Re: Oops in rpc_clnt_debugfs_register() from debugfs change

From: Greg Kroah-Hartman
Date: Tue Feb 12 2019 - 09:42:20 EST


On Tue, Feb 12, 2019 at 03:37:20PM +0100, Greg Kroah-Hartman wrote:
> On Tue, Feb 12, 2019 at 02:31:14PM +0000, David Howells wrote:
> > I've bisected an oops that occurs in rpc_clnt_debugfs_register() trying to
> > dereference a pointer with -EACCES in it. This is the causing commit, though
> > I suspect the bug is in sunrpc expecting to see NULL rather than an error.
> >
> > ff9fb72bc07705c00795ca48631f7fffe24d2c6b is the first bad commit
> > commit ff9fb72bc07705c00795ca48631f7fffe24d2c6b
> > Author: Greg Kroah-Hartman <gregkh@xxxxxxxxxxxxxxxxxxx>
> > Date: Wed Jan 23 11:28:14 2019 +0100
> >
> > debugfs: return error values, not NULL
> >
> > When an error happens, debugfs should return an error pointer value, not
> > NULL. This will prevent the totally theoretical error where a debugfs
> > call fails due to lack of memory, returning NULL, and that dentry value
> > is then passed to another debugfs call, which would end up succeeding,
> > creating a file at the root of the debugfs tree, but would then be
> > impossible to remove (because you can not remove the directory NULL).
> >
> > So, to make everyone happy, always return errors, this makes the users
> > of debugfs much simpler (they do not have to ever check the return
> > value), and everyone can rest easy.
> > ...
> >
> > The attached oops occurs during boot from the gssproxy process in
> > rpc_clnt_debugfs_register(). The code at this point is:
> >
> > 0xffffffff8195cbdd <+450>: mov 0x50(%rax),%rcx <--- oopsing
> > 0xffffffff8195cbe1 <+454>: mov $0xffffffff821cc8ba,%rdx
> > 0xffffffff8195cbe8 <+461>: mov $0x18,%esi
> > 0xffffffff8195cbed <+466>: lea -0x30(%rbp),%rdi
> > 0xffffffff8195cbf1 <+470>: callq 0xffffffff819db773 <snprintf>
> >
> > RAX is -EACCES.
> >
> > Looking in the source:
> >
> > len = snprintf(name, sizeof(name), "../../rpc_xprt/%s",
> > xprt->debugfs->d_name.name);
> >
> > I think xprt->debugfs is the value in RAX.
> >
> > (gdb) p &((struct dentry *)0)->d_name.name
> > $5 = (const unsigned char **) 0x50 <irq_stack_union+80>
> >
> > which matches the offset on the oopsing MOV instruction.
> >
> > This is with linus/master (aa0c38cf39de73bf7360a3da8f1707601261e518).
>
> Ugh, yeah, I see the problem, sorry about that.
>
> I wonder why the debugfs call is always failing, that's not good...
>
> let me dig and see if I already have a patch for this...

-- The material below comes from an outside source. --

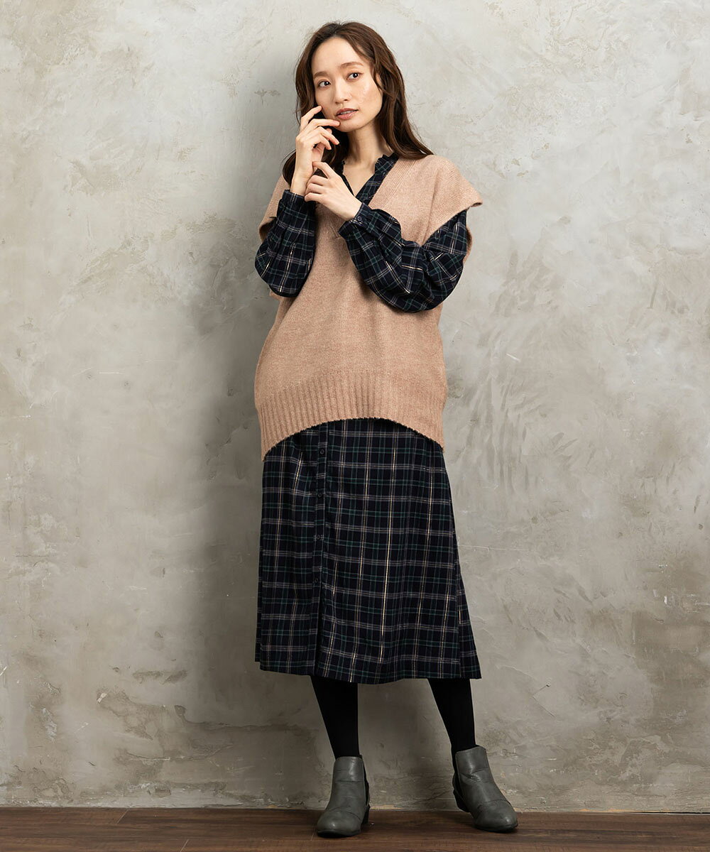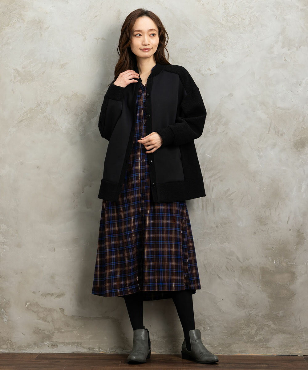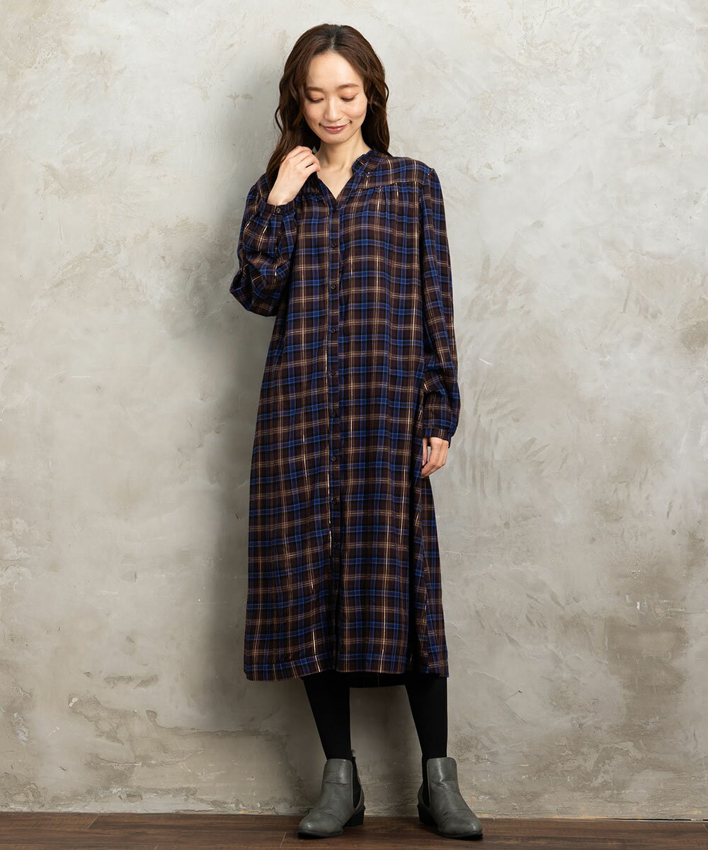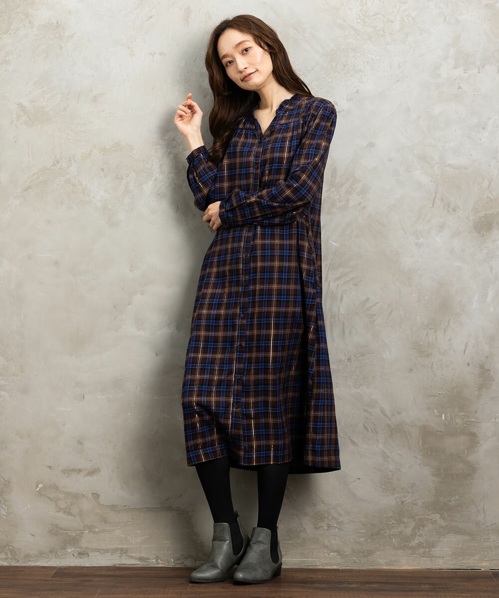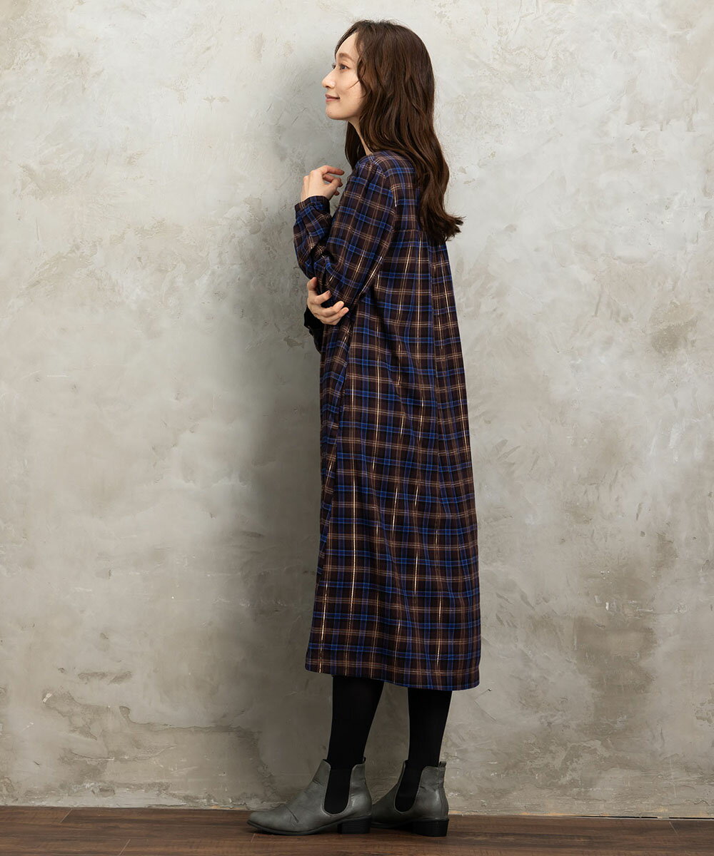 【大きいサイズ】 9号・15号・19号(M・3L・5L) 起毛ラメチェックワンピース/サブストリート(sab street)

I have a much larger cleanup patch for this code, but this single line
change should solve the issue for now. Can you test it to verify?

thanks,

greg k-h

------------------

diff --git a/net/sunrpc/debugfs.c b/net/sunrpc/debugfs.c
index 45a033329cd4..19bb356230ed 100644
--- a/net/sunrpc/debugfs.c
+++ b/net/sunrpc/debugfs.c
@@ -146,7 +146,7 @@ rpc_clnt_debugfs_register(struct rpc_clnt *clnt)
rcu_read_lock();
xprt = rcu_dereference(clnt->cl_xprt);
/* no "debugfs" dentry? Don't bother with the symlink. */
- if (!xprt->debugfs) {
+ if (IS_ERR_OR_NULL(xprt->debugfs)) {
rcu_read_unlock();
return;
}